As Josh Kopelman at First Round puts it, venture capital is "jet fuel" and a very specific set of companies fit the criteria to take it. Peeling back the onion, not all venture funds and specifically, seed funds are created equally — smaller funds have smaller exit value needs vs their larger counterparts. The driving factors ultimately boil down to check size, ownership, and reserves. To detail, more a fund owns per dollar deployed and the better they can maintain that ownership, the greater tolerance for “smaller exits.” This requires a fund to “go big, later" or "go early and lock down ownership” - not easy in the reality of things. A simplified example: $10M with no expenses, 25 portfolio companies, $400k for 5% ownership, no reserves so assume 50% dilution before exit, oversimplification of the return distribution, not taking a preference stack into account. Most GPs target 3x returns over a 10 year fund life. So what does that mean? That means that the fund needs $400M exit value to return $10M and a $1.2B exit value for $30M. Turns out dilution is nobody's friend. So what does this mean for founders in the space?

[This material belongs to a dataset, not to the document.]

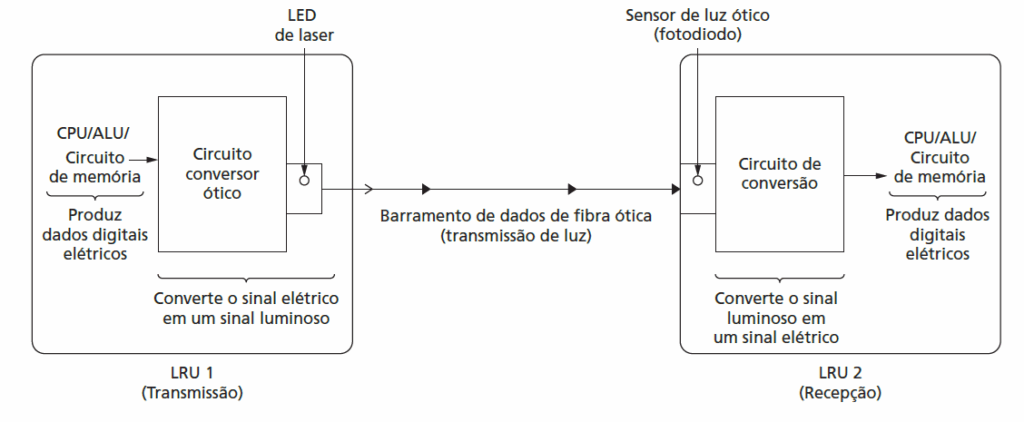 • Transmissor Óptico: Componente que converte pulsos de corrente elétrica em pulsos de luz infravermelha, usando um LED ou laser semicondutor, e os acopla à fibra óptica.

The diversity of functions, problems/solutions, and business models make almost the entire spectrum of financing options viable in supply chain. The industry is typified by fragmentation, service-first thinking, physical goods, and short time to revenue but long time to critical mass (and scale). This generally means that venture capital is ill-suited for most businesses due to product, go-to-market, revenue model, and timing issues. Simply put, VC is good for businesses that have 1) a large addressable market/a market that's fast growing, 2) a founding team that gets the demands of VC, and 3) an opportunity that can reasonably generate a healthy return for the investor (assume 3x minimum in 10 years). Other factors tend to include: large product investment requirements, path to product/market fit, and scalable go-to-market (the latter two are usual not evident/fully clear at seed). It's great that more financing options are becoming available. VC as the status quo, go-to for funding is incorrect. So what are the other options?

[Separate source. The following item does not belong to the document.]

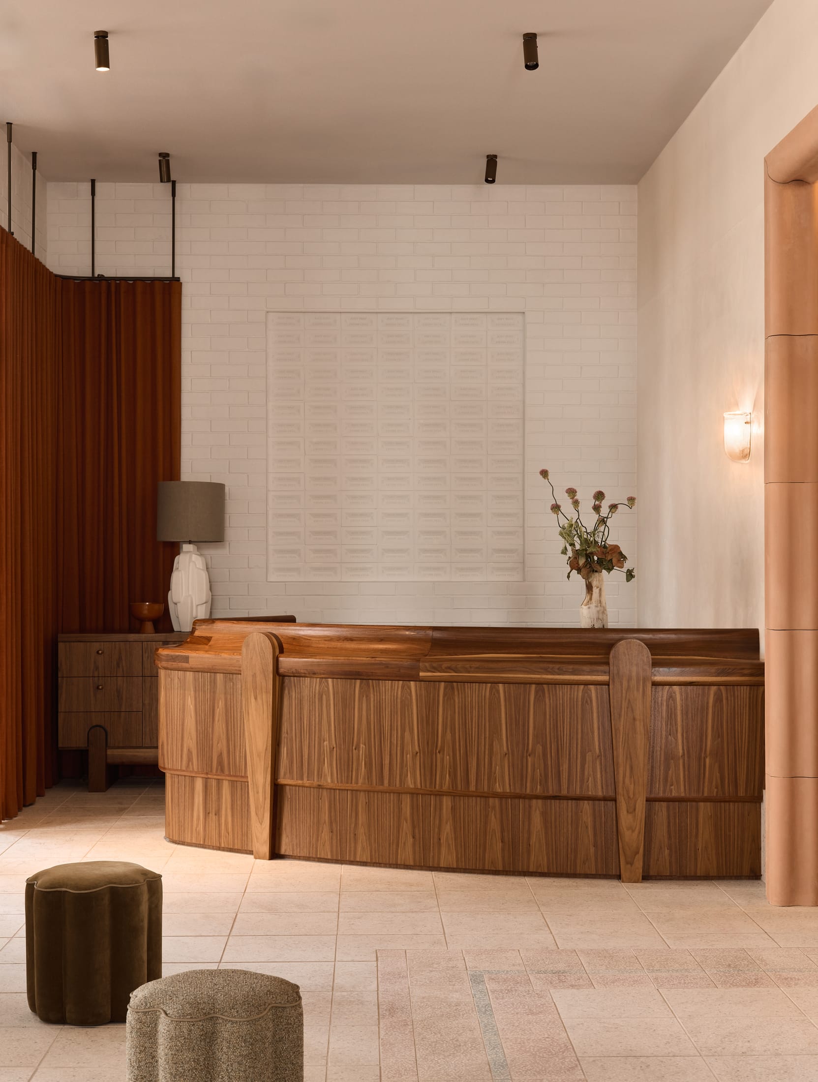 Благодаря природным текстурам, ремесленным ремеслам и богатой палитре коричневого, бордового и зеленого цвета команде Alexander & Co удалось создать художественное пространство, неразрывно связанное с окружающим контекстом, и в то же время обладающее изысканностью, ожидаемой от отеля международного бренда.

Money comes from many sources and full of nuance: bootstrap/self-funded, high net worth investors, private equity (majority investors), bank financing, specialty lending, grants, revenue, and VC. Bootstrapping is great for businesses that have relatively fast time to revenue and for founders who want to own most or all of their business. I see many who are fortunate to have friends/family with the means, take some dilution or a loan to juice their progress without being beholden to a certain return profile. Freight brokerage, mid-market SaaS solutions are a great example of businesses that could grow this way. High net worth investors (usually angels or family offices) are great sources of capital that tend to be less sensitive to returns. Asset-based businesses or those that require manufacturing can be a fit for this group. It’s worth noting that neither of these aforementioned sources preclude one from raising venture and they aren’t exclusive to venture backed companies despite being associated with them. Private equity has long played in supply chain. They tend to seek tenured operators, majority positions with control rights, and write large checks up front in the hopes of 7-10 year gains — smaller firms tend to be more open to minority investments. We've seen freight forwarders, brokerages, and increasingly, SaaS businesses attract PE. Bank financing and speciality lending is debt — an obligation on a company balance sheet that can also include minimum cash payments, and performance covenants. It's usually harder to come-by for startups but can be a fit for asset heavy industries, manufacturing, and where factoring (fronting cash for receivables) is advantageous. I would note specialty lending can be highly bespoke so can be driven off revenue or growth metrics. Grants are usually great for really early, high-tech products but requires a special approach to earn. We do see this as a precursor to venture capital or other funding in the case of — robotics, energy, applied ML solutions.
While not an exhaustive perspective, it should be clear that VC fits a minority of businesses in this sector and the spectrum away from VC. "VC raised" is an ego metric and not all business need VC to grow to a critical mass. Furthermore, founders that raise VC are not any more special vs those who have the self awareness and realization that they're/their business are ill-suited for it. The easiest way to attract outside capital ultimately is your customer's dollar. Revenue is the best source of capital and if you're earning it consistently and acquiring it efficiently, that generally brings investors of all types to your door.
We Are Dynamo,
Supply Chain 📦
DHL Robotics Investments Provide 25% Productivity Boost. We noted that industry payroll numbers showed a slowdown in hiring on the part of parcel carriers. This can largely be attributed to an improved ability to cope with "surge" — industry-speak for spikes in volume — without costs escalating in lockstep. Automation investments are starting to show their worth by empowering existing talent and seasonal hires to cope with more volume.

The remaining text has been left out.